- Laitumkhrah Location within Meghalaya Laitumkhrah Location within India
- Coordinates: 25°34′16″N 91°53′49″E﻿ / ﻿25.571°N 91.897°E
- Country: India
- State: Meghalaya
- District: East Khasi Hills

Languages
- • Official: Khasi, English
- Time zone: UTC+5:30 (IST)
- Postal code: 793003
- Vehicle registration: ML

= Laitumkhrah =

Laitumkhrah (Khasi: lait meaning "free" and umkhrah which is the name of a river Umkhrah) is a census town in Shillong, Meghalaya, India. The name of the place basically means a place where the river "Umkhrah" originates from making its name aptly suited.

From Laitumkhrah there are three roads connecting Happy Valley (Them Basuk), Umpling & New Colony. The area is one of the costlier areas in Shillong but staying here itself is an experience.
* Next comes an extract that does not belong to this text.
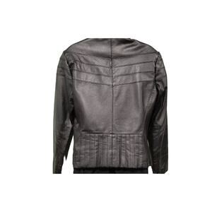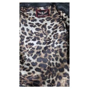 I love this little black leather jacket with the stand up collar, leopard print lining and decorative seams and zippers. I think it's the perfect leather jacket. Too bad, I've outgrown it. I think I only wore it one time, so it's in like new condition.
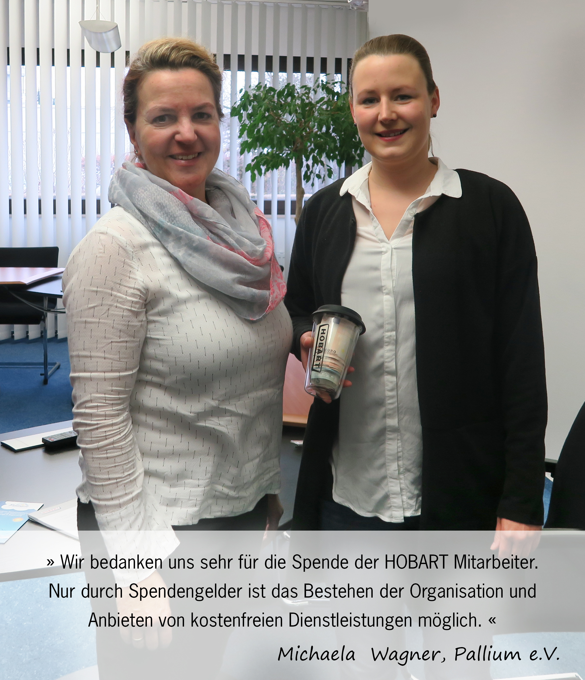 Michaela Wagner, gelernte Fachkrankenschwester für Intensiv- und Anästhesie, bei Pallium e.V. zuständig für Spenden, freute sich über diesen tollen Betrag. „Wir bedanken uns sehr für die Spende der HOBART Mitarbeiter. Nur durch Spendengelder ist das Bestehen der Organisation und Anbieten von kostenfreien Dienstleistungen möglich“ so Frau Wagner.

Laitumkhrah is filled with old historical buildings but with constant development in the area, most of the older buildings have been replaced with modern buildings. This place is relatively cold compared to other places of Shillong.

Laitumkhrah is the heart of Shillong. The area has a number of churches, schools and colleges. There's a market called Laitumkhrah Market (locally called 'Iew Shyllong') providing fresh vegetables, pork, beef, chicken and other stuffs. Nazerth Hospital, one of the oldest hospitals in Shillong, is located here.

Laitumkhrah houses the famous Ramakrishna Mission Shillong. The third generation sweet shop "Kalpatru" offering a wide variety of sweets is also located in Laitumkhrah.

Laitumkhrah is the center of education in Shillong with numerous well known educational institutions like St.Margaret's Higher Secondary School Shillong, Loreto Convent, St. Edmund's College, St. Anthony's College, Shillong, Saint Mary's College (Shillong), Don Bosco Technical School, Shillong and the National Institute of Technology Meghalaya all located within the boundary of Laitumkhrah.

Mary Help of Christians Cathedral, Shillong which serves as the seat of the Roman Catholic Archdiocese of Shillong is also located in Laitumkhrah. The church is the first Catholic cathedral church in what was then Assam.